Sunday, December 16, 2012

i wish i could take it away


i wish i could take away this last week.
wipe it away from history, from memory, from existence.
for many reasons which i will explain in a moment.

number 1: i wish i didnt have to tell you, or you find out. i wish that this didnt have to be a reality that infiltrates your lives.

ill be brief, as details arent important to my message to you.

my sweet beautiful children. you are good in this world. you are, as you sit right now, caring loving individuals. Julian - you earn money for your share jar, and you give it! to the human society for the kitties and doggies to "have treats and toys" or to buy sister presents for the holidays. you GIVE. you havent asked to use the money for you and i love that you understand we GIVE that money. you help me color pictures and cards for soldiers deployed overseas. you accompany me on various trips and you ask questions about the things we do for others.
Maya - you are so small, yet i see in you a growing good. your favorite things are pacifier (bebo), your milks, and toys...and you readily share them. you hold your bebo to me and put it in my mouth, you offer to share your milks, you give me your toys. i see in you a learning of "here...have this!" and im so amazed. i know as you grow older this will be cultivated into pure loving kindness.
i see amazing things in you. and it isnt just you.

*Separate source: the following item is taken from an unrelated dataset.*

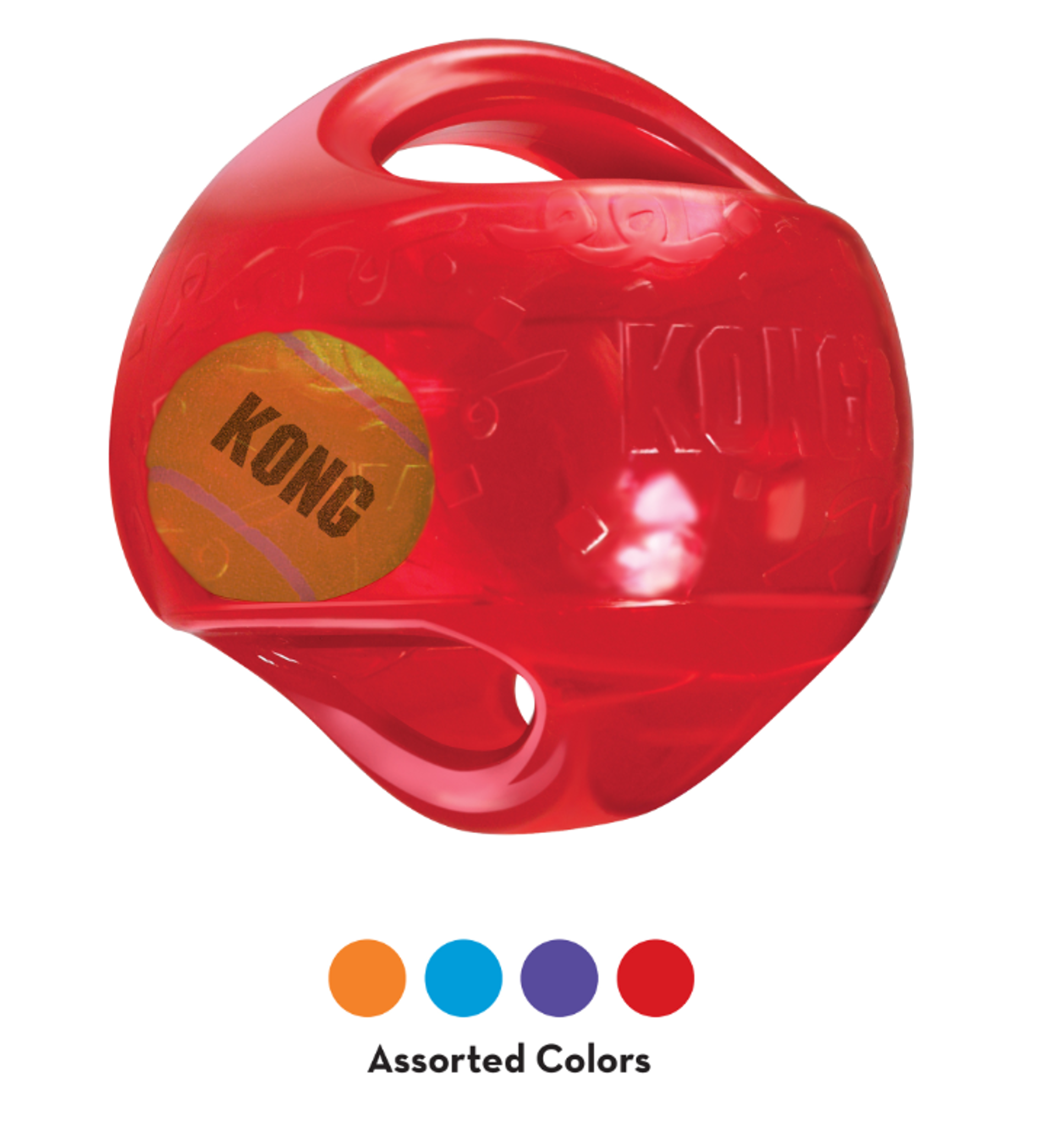 The interior tennis ball and loud squeak entice play, while the handles make pickup and shaking easy. The Jumbler stands up to tough play, making it ideal for games of fetch. Available in two shapes and sizes, the KONG Jumbler will ensure an exciting, active play session for you and your dog.

Yesterday Daddy dressed up as Santa and volunteered at an Easter Seals event for children with disabilities and those in therapy. He colored with them, talked to them, listened to them. He was their light!

the part that is hard, is that while there is good in this world, there is also bad. and sometimes bad things happen in such a large capacity that we hear about the bad things much more than the good.
turn on the news any day fo the week and you hear of the bad, the negative, the horrible...and every now and again something good will be highlighted, but the overtones are all tragic. its my wish for you that you only watch the news when its important...otherwise youll just get sucked in.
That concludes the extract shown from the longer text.